Finite-Horizon Structures IV: Local Differential Field Structures Associated with the Projective Y-Structure

This article develops the local differential field-theoretic realization of projective Y-structure within the finite-horizon framework. Starting from a smooth representative of the homogeneous scalar quantity associated with the triplet of finite-horizon structural parameters, the paper constructs the minimal local weighted structures canonically organized by the coherence 1-form attached to that representative. These include Y-compatible vector fields, weighted scalar fields, weighted tensor fields, ThetaY-twisted connections on vector bundles, and weighted divergence operators relative to a chosen reference density. The framework is purely structural and remains pre-dynamical.

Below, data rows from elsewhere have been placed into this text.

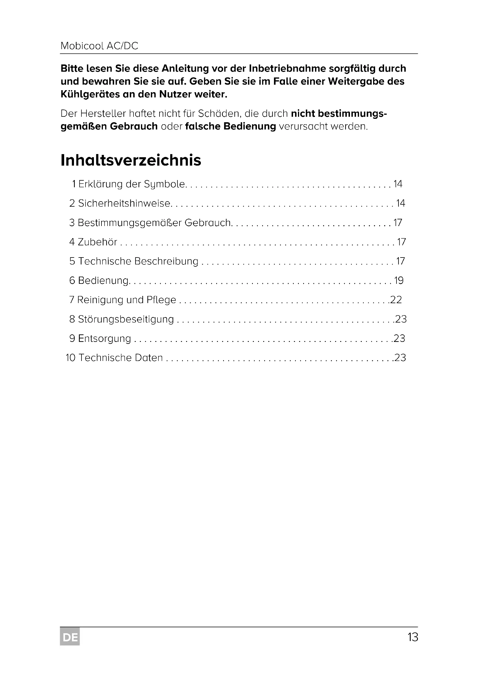 - Bitte lesen Sie diese Anleitung vor der Inbetriebnahme sorgfältig durch und bewahren Sie sie auf. Geben Sie sie im Falle einer Weitergabe des Kühlgerätes an den Nutzer weiter. Der Hersteller haftet nicht für Schäden, die durch nicht bestimmungs- gemäßen Gebrauch oder falsche Bedienung verursacht werden. Inhaltsverzeichnis 1 Erklärung der Symbole p. 14
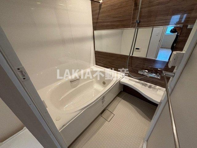 浴室に関しては、複数名様でご入居いただく際には欠かせない追い炊き機能が完備されておりますので経済的にもおすすめです。また、天候が悪い際に役立つ浴室乾燥機も備わっておりますのでその点につきましてもご安心ください。またアクセントタイルはウッド調パネルになっており、ワイドな鏡が採用されているので高級感がございます。
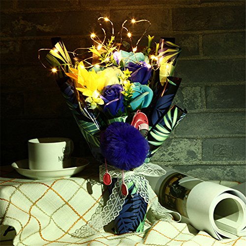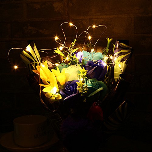 Moobom インスタ LED光るバラ ガーランド 飾り インテリア 花束 ソープフラワー 石鹸花 造花 贈り物 お祝い 枯れない花 (紫)
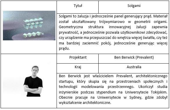 - Solgami, autor: Ben Berwick, startup Prevalent (Australia). Rolety okienne, które produkują prąd i umożliwiają regulację stopnia oświetlenia wnętrza.
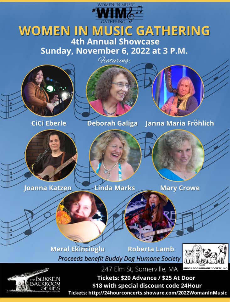 November 6: Women In Music Gathering #WIMG 4th Annual Showcase (benefit concert for Buddy Dog Humane Society) featuring Linda Marks, CiCi Eberle, Janna Maria Fröhlich, Joanna Katzen, Mary Crowe, Dahlia Gardner(Deborah Galiga), Mea Williams, Roberta Lamb ;The Burren, Somerville Massachusetts. 3:00 p.m.
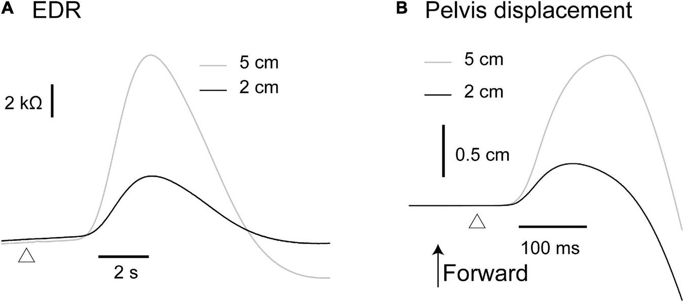 Previous findings have shown that some mental responses induced by the perturbation in stance are task-dependently modulated. For example, perturbation-induced EDR in sitting was dependent on the velocity of the perturbation (Sibley et al., 2010a). The latency of the muscle response in the tibialis anterior muscle induced by the backward perturbation (i.e., forward translation of the support surface) in stance was shortened by startling auditory stimulus but that induced by the forward perturbation (i.e., backward translation of the support surface) was not (Nonnekes et al., 2013). The effect of the attention was present on the postural response to the forward translation of the support surface, but it was absent for the backward translation of the support surface (Kunimura et al., 2019a,b). Accordingly, we speculate that the perturbation-induced mental responses, represented by the EDR, are task-specific (Hypothesis 4). To prove this hypothesis, we investigated whether perturbation-induced EDR was dependent on the size or direction of the perturbation.
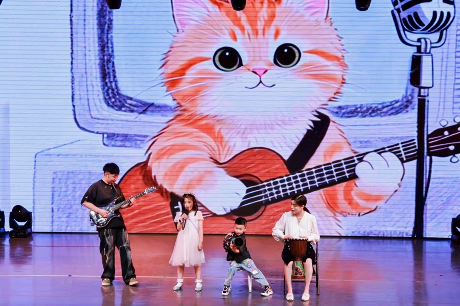 获得“最佳才艺奖”的吉他弹唱《快乐星猫》,由“佟心协力”家庭上演。这场演出由经营音乐培训品牌的父母,带着两名子女共同演绎。在舞台上,妈妈黄灵敏带着幼子佟安吉打着鼓,爸爸佟立亮弹着吉他、女儿佟安琪唱着歌。整场演出轻松、灵动,其乐融融,让观众真切感受到“全家玩音乐”的动情场面。“孩子们在旋律中成长,我们在音符间传递爱与欢乐,音乐让平凡的日子变得生动有趣。”黄灵敏说。
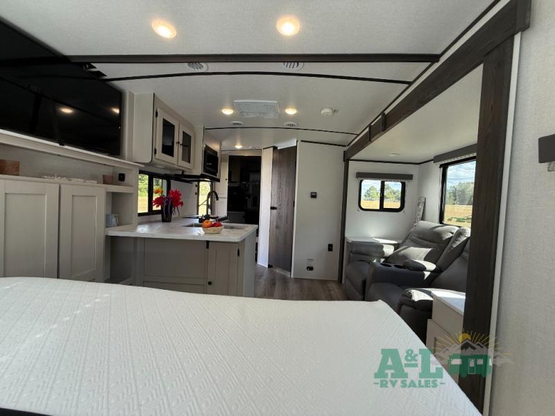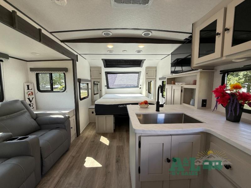 Inside, you'll find a well-appointed living space equipped with all the essentials for a comfortable journey. The kitchen area is designed for efficiency, featuring modern appliances and ample storage, while the bathroom offers privacy and convenience. The Northern Spirit Ultra Lite is crafted with high-quality materials and attention to detail, ensuring durability and longevity. Whether you're embarking on a weekend getaway or an extended road trip, this travel trailer promises a seamless and enjoyable experience, making it a wise investment for those who value quality and adventure.
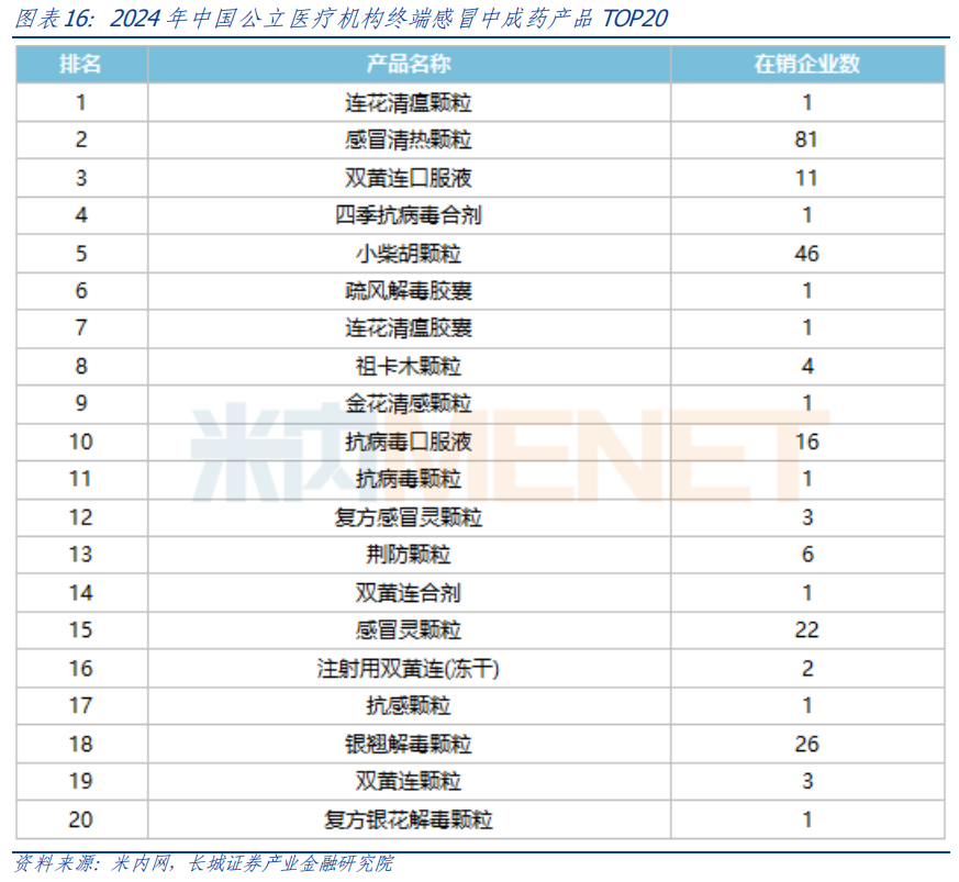 据米内网,感冒中成药近年来在我国三大终端六大市场中规模在200亿左右,2023年超过210亿元。2024年,公立医疗机构终端销售额约为85亿元,其中以岭药业以近25%份额居第一,太龙药业位列行业第3(同比上升2位);产品上,连花清瘟颗粒稳居榜首(2023年销售额超18亿元),双黄连口服液位列第3(2023年销售规模超7亿元);从品牌格局看,太龙药业是院端双黄连口服液第一品牌。
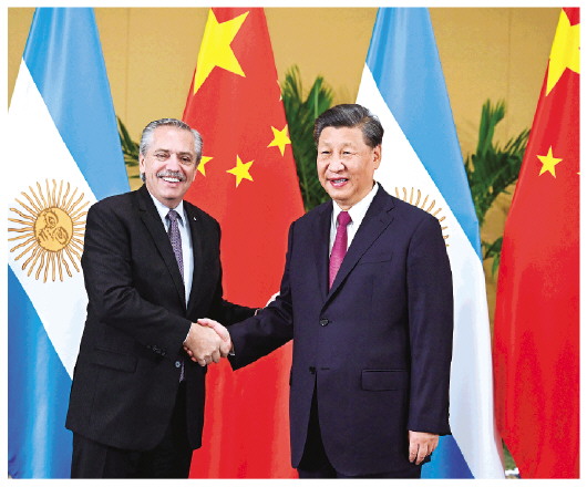 习近平强调,中方愿同阿方加强治国理政经验交流,支持彼此走符合本国国情、顺应人民期待和时代要求的发展道路,支持彼此维护主权、安全、发展利益。双方应该开展文化、媒体、教育、体育、青年、地方等领域交流合作,加快推进高质量共建“一带一路”合作,深化拓展农业、能源、基础设施、航天等领域合作。中方愿进口更多阿根廷优质产品。

It does not introduce a metric, variational principle, source term, or equation of motion. Its intrinsic first-order content is carried by the coherence form, while the associated twisted connections and weighted divergence operators depend on auxiliary background choices modified by a universal logarithmic correction term. A central result is that, on the regular locus where the coherence form does not vanish, all weighted structures are locally logarithmically trivial. Weighted scalar fields reduce locally to multiples of the universal Y-weight factor, weighted fields on natural bundles reduce locally to invariant sections multiplied by the same factor, and twisted connections differ locally from background connections by a simple logarithmic correction in adapted coordinates. The article therefore identifies the minimal local operator-theoretic infrastructure induced by projective Y-structure, without yet introducing a complete dynamical theory. In this sense, it extends the finite-horizon program beyond its axiomatic, geometric, and measure-theoretic layers into a coherent local theory of weighted fields and operators. This article is self-contained at the local differential level while directly extending Finite-Horizon Structures I–III. Within the broader Ranesis program, it provides the fourth structural layer of the finite-horizon architecture: the local field-theoretic realization of projective Y-structure.